Technology stocks have recently experienced a downturn, but there are exceptions. Let’s delve into the prospects of Meta Platforms.
Earlier this year, the technology sector witnessed a surge in profitability, propelling it to new heights. However, the third-quarter earnings results haven’t been strong enough to provide a significant boost to tech stocks and those in related industries. A prime example is Alphabet (ticker: GOOGL), which, despite reporting better-than-expected earnings on Oct. 24, has seen a 6% drop since then, despite starting the year with a 50% gain. Additionally, the Technology Select Sector SPDR exchange-traded fund (XLK) has fallen approximately 8% from its record high in late July.
Fortunately, Meta (META) has managed to weather the storm relatively well. Since their earnings report, the stock has only experienced a minor 0.1% decline and has already recovered over half of its initial post-release losses. Comparatively, Meta is down just 5% from its 52-week high, putting it ahead of most other major players except Microsoft (MSFT). Furthermore, the stock has held firm at $275 as a level of support and is showing signs of an upward trajectory.
According to Rich Ross, head of technical analysis at Evercore, Meta stands out as the top performer both absolutely and relatively when compared to its peers. Ross highly recommends buying shares in Meta as an excellent investment opportunity.
In conclusion, while the broader technology sector faces challenges, Meta Platforms shines as a resilient standout. With promising indicators and supportive market dynamics, Meta presents an enticing option for investors seeking potential growth.
Meta’s Strong Business Performance and Growth
Meta, previously known as Facebook, continues to thrive and expand its business. In the third quarter, the company experienced a remarkable 25% increase in sales, reaching $34.1 billion. This impressive growth surpassed initial predictions of $33.6 billion, primarily driven by higher-than-expected average revenue per user.
The company’s success can be attributed to its focus on increasing user engagement on its platforms, particularly on Instagram reels. By providing captivating content and leveraging artificial intelligence, Meta has effectively monetized its user base. Additionally, Meta has successfully capitalized on this opportunity by incorporating more targeted advertisements, ensuring a better match between users and ads. As a result, Meta has been able to gain market share from other advertising companies and subsequently boost its sales.
Moreover, Meta’s prudent cost management strategies have led to improved profit margins, propelling earnings to $4.39 per share. This figure more than doubles the previous year’s earnings and significantly exceeds estimates of $3.64 per share. However, it is worth noting that Meta has cautioned about slower ad spending in the upcoming quarters due to brands bracing themselves for decreased consumer demand resulting from elevated interest rates.

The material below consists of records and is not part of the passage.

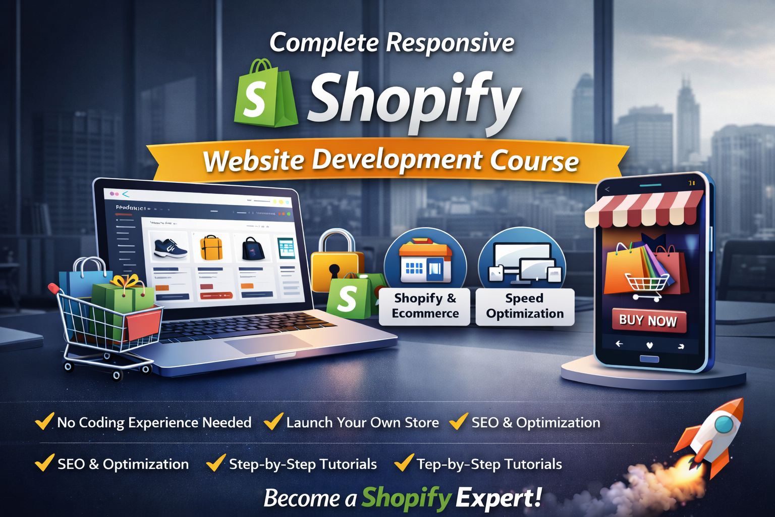 Master Shopify website development and learn how to build high-converting, fully responsive online stores from scratch. This complete course is designed for beginners to advanced learners who want to create professional Shopify stores for clients or their own eCommerce businesses.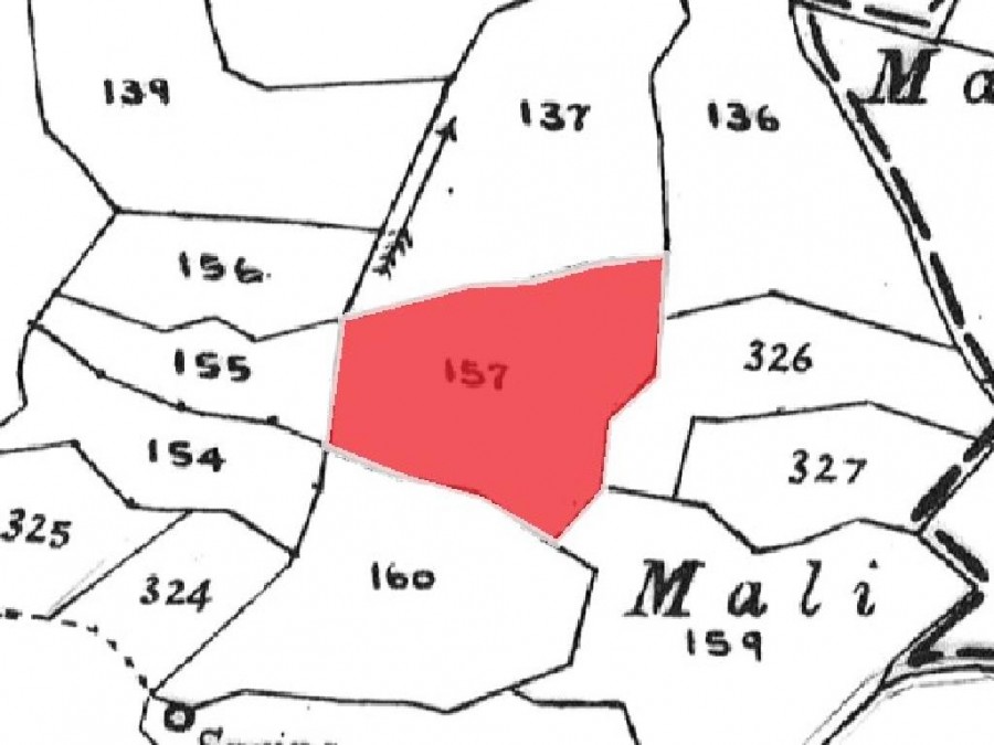 The field has an irregular shape with sloping land surface and the property is landlocked.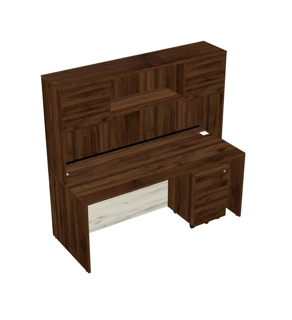 Bureau Rectangulaire En Noyer Columbia, Tiroirs Mobiles En Bois Et Clapier En Noyer Columbia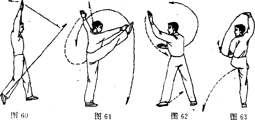 (3)(图61)接做“提膝亮掌”时,首先注意单拍脚后,右 腿边下落边稍转体,这时的身体感觉是右腿下压,上肢上顶,这 样的动作过程舒展、幅度大,而且便于衔接下一动作;同时,还 要注意(图62)两腿要微屈,身体重心逐渐移至右腿,速度的 变化同第2点。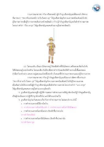 2.2 ในขณะเดิน เมื่อแบกไม้พลองอยู่ ให้ลดมือซ้ายที่จับไม้พลอง เหยียดลงมาชิดกับลำตัว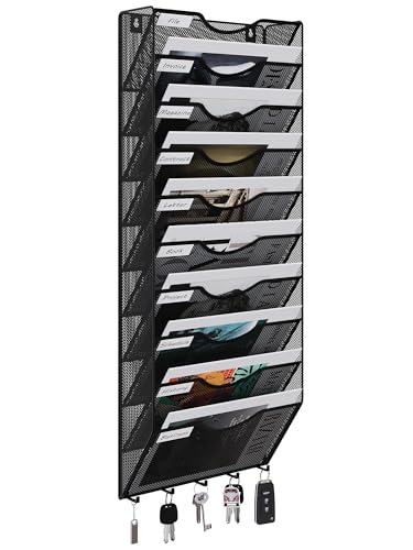- Space Saving: Wall file holder can be mounted on the wall, freeing up desktop space while organizing folders, clipboards, bills, invoices, papers, letters, etc. There are 5 hooks at the bottom, suitable for keys, tools, umbrellas and small items

Despite this cautionary remark, the outlook for Meta’s earnings remains promising. Wall Street analysts are confident in the company’s prospects, as consensus estimates for 2024 profits have increased by about 0.4% since the earnings release. Overall, considering Meta’s recent accomplishments in exploring new opportunities, Morgan Stanley analyst Brian Nowak asserts that “these trends give us more confidence in multi-year revenue growth.”
Analysts are predicting midteens annualized earnings growth for the next two years, which is expected to have a positive impact on the stock. Despite being reasonably priced, with shares trading at just under 18 times earnings-per-share estimates for the next 12 months, in line with the S&P 500’s multiple, the company’s growth rate is expected to outpace that of the index.
This favorable outlook is likely to encourage market participants to continue purchasing the stock for the foreseeable future.